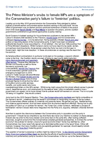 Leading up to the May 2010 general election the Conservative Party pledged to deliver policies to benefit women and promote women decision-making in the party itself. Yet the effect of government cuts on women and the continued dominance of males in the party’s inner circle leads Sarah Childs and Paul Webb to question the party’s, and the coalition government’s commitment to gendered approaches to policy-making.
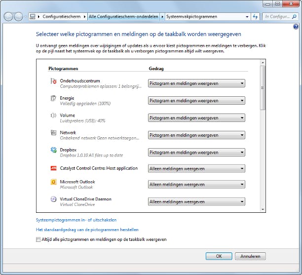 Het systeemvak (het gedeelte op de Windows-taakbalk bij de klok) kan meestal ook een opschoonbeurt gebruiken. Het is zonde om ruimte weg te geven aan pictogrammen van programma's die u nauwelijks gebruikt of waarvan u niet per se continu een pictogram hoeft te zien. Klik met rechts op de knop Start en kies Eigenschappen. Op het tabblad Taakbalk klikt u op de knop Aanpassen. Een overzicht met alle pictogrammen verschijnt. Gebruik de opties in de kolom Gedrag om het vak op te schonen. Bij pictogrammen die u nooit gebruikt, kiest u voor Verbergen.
==
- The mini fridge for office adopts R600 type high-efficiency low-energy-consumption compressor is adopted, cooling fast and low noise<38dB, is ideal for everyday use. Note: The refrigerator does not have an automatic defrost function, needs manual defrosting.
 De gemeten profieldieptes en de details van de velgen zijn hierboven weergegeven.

- **Assigned task**
Of the entries above, transcribe exactly those lines that fall between the line containing "- The mini fridge" and the line containing "De gemeten profieldieptes", together with those two lines.

- **Response area**
- The mini fridge for office adopts R600 type high-efficiency low-energy-consumption compressor is adopted, cooling fast and low noise<38dB, is ideal for everyday use. Note: The refrigerator does not have an automatic defrost function, needs manual defrosting.
 De gemeten profieldieptes en de details van de velgen zijn hierboven weergegeven.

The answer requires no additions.